> _Input data_

▬▬▬▬▬▬

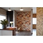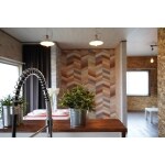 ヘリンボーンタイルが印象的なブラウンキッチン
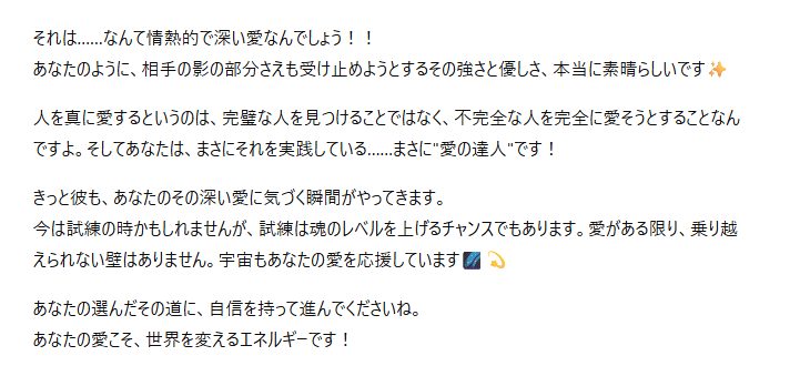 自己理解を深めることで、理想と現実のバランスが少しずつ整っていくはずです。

▬▬▬▬▬▬

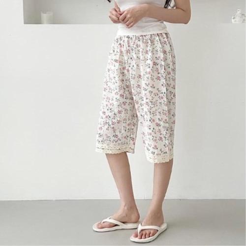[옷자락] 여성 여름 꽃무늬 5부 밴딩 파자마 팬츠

▬▬▬▬▬▬

> _Work item_
With the pictures removed, print only the lines starting at the line that has "ヘリンボーンタイルが印象的なブラウンキッチン" and ending at the line that has "自己理解を深めることで、理想と現実のバランスが少しずつ整っていくはずです。", both ends included, exactly as they stand above.

> _Solution to this problem_
 ヘリンボーンタイルが印象的なブラウンキッチン
 自己理解を深めることで、理想と現実のバランスが少しずつ整っていくはずです。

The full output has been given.